This repository contains the code related to the paper DoggifAI: a transformer based approach for antibody caninisation
DoggifAI is a canine antibody (Ab) framework region (FR) generation model, conditioned on the complimentarity determining regions (CDRs). The model follows a standard T5 transformer architecture and can be trained with or without semi-supervised pretraining.
Below is a short guide to get started with the code base
The enviroment should be set up using conda form the environment.yml file. This can be done using the command
conda env create -f environment.yml
conda activate doggifai
Training is started by running the train.py script which takes a config path argument and a flag to log the results to wandb.
The code can be run on slurm based computing clusters by modifying the example train.sh script for the cluster you are going to use.

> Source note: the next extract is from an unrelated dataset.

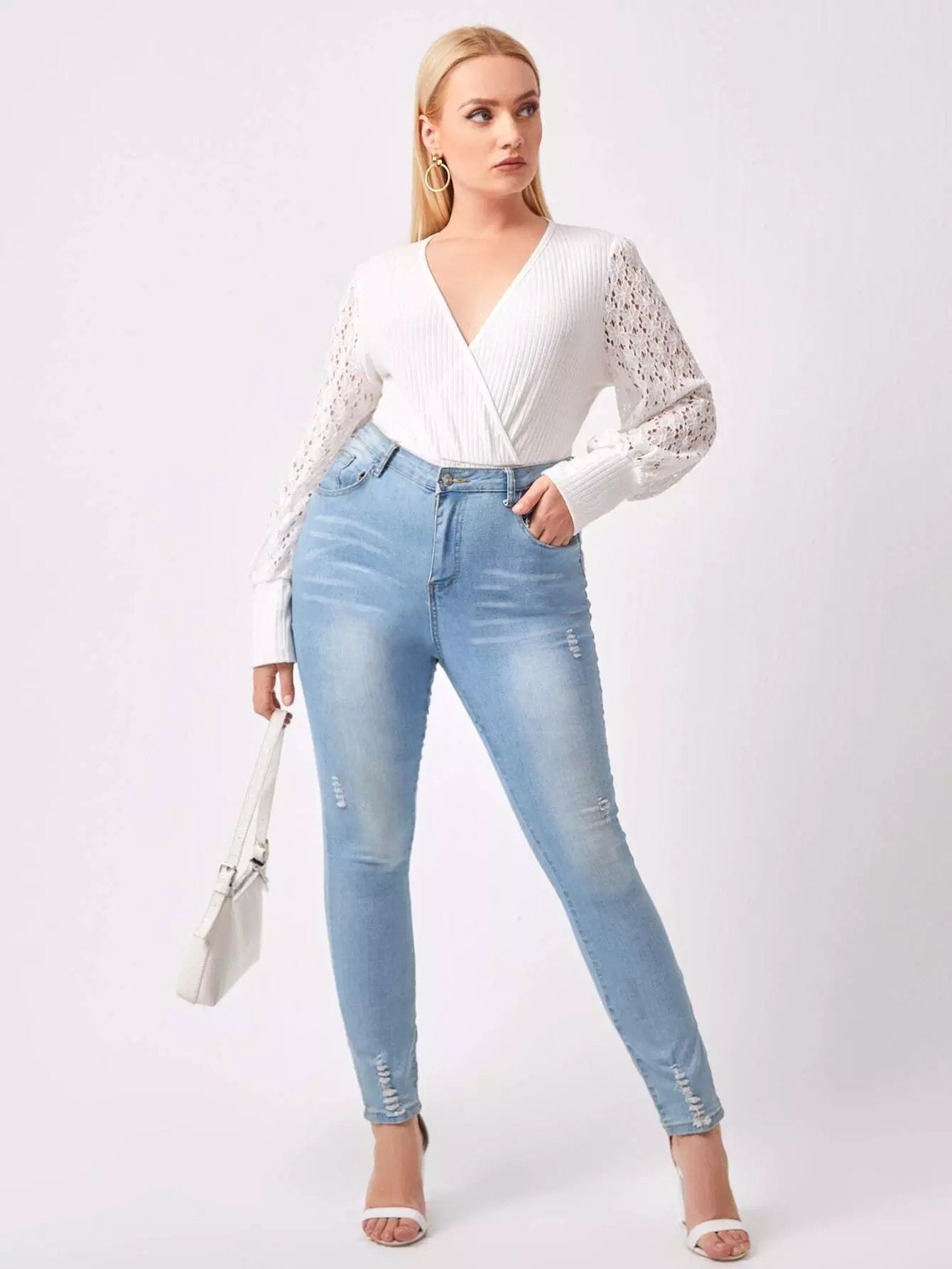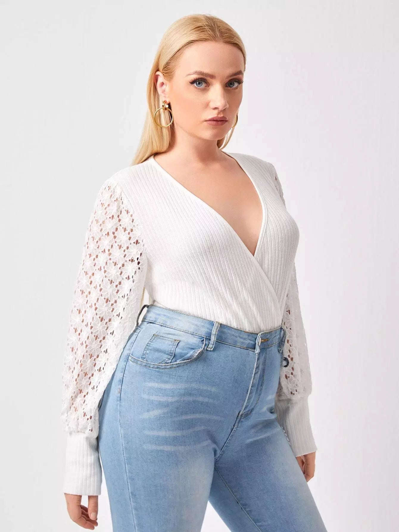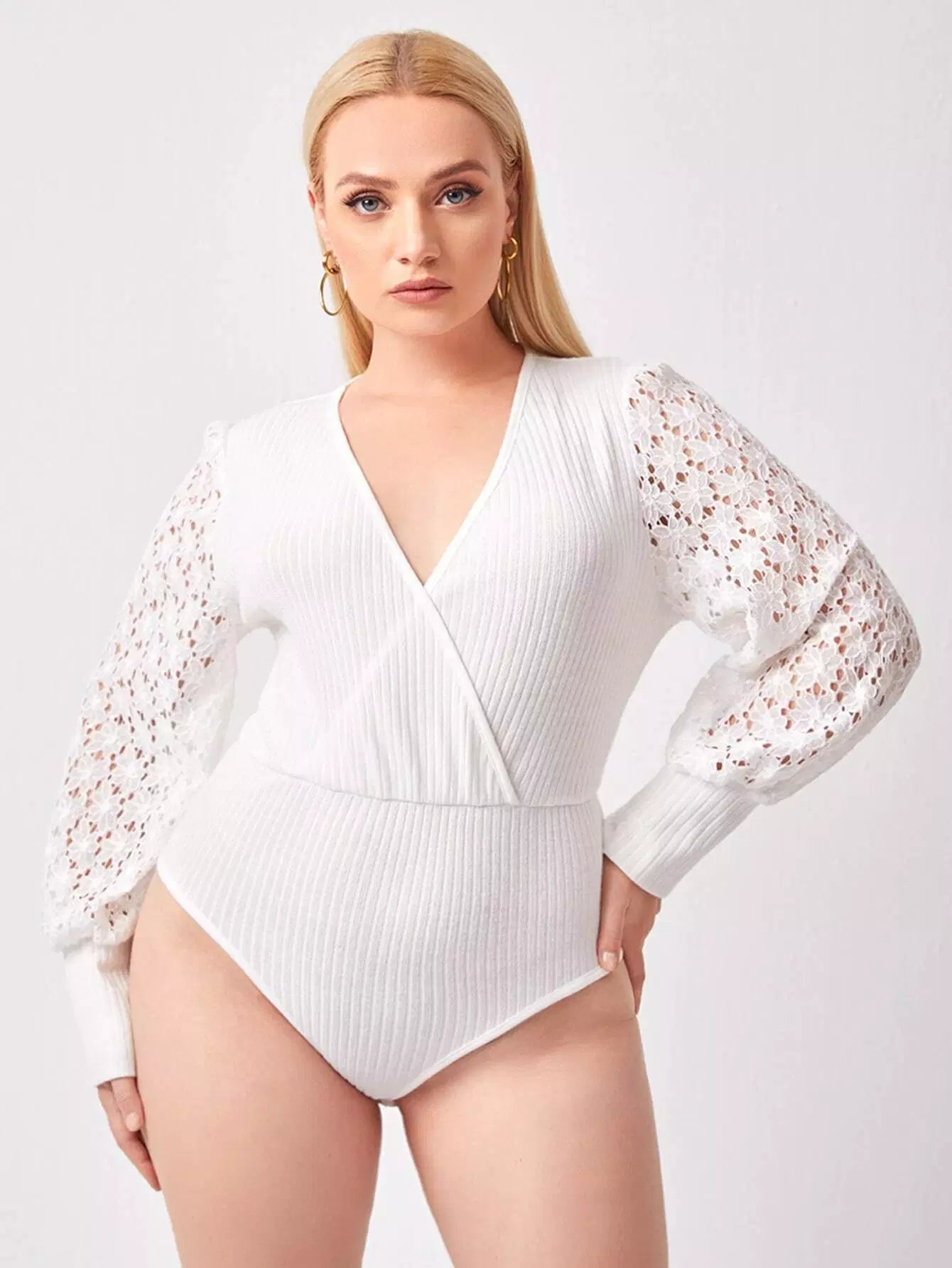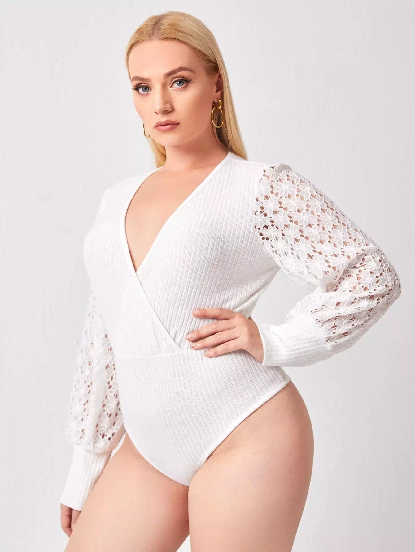 Plus Wrap Contrast Lace Sleeve Bodysuit

The code is built for logging using Weights and Biases. In case code is run locally the user will be prompted to log in on the first use of the code. For use on distributed compute clusters, we recommend exporting the wandb API key as shown in the train.sh example script.
If logging is not used, the outputs will only be shown in the console.
Training is started by running the sample.py script which takes a config path argument and a flag for how many sequences to generate per input.
The code can be run on slurm based computing clusters by modifying the example sample.sh script for the cluster you are going to use.
Example configs are provided in the configs folder. These are split between training scripts and test scripts (inference). They provide examples for pretaining and finetuning set ups as well as cases like resuming runs from checkpoints.
The respository also contains most of the scripts used to generate the figures included in the paper as jupyter notebooks. These are not crucial for the working of the model, but can be used to compare outputs to those in our publication.
The canine dataset used to train the model, including the files for light kappa, light lambda, and heavy immunoglobulin chains as well as the trained Large OAS model, is available HERE.
The OAS dataset can be provided upon request.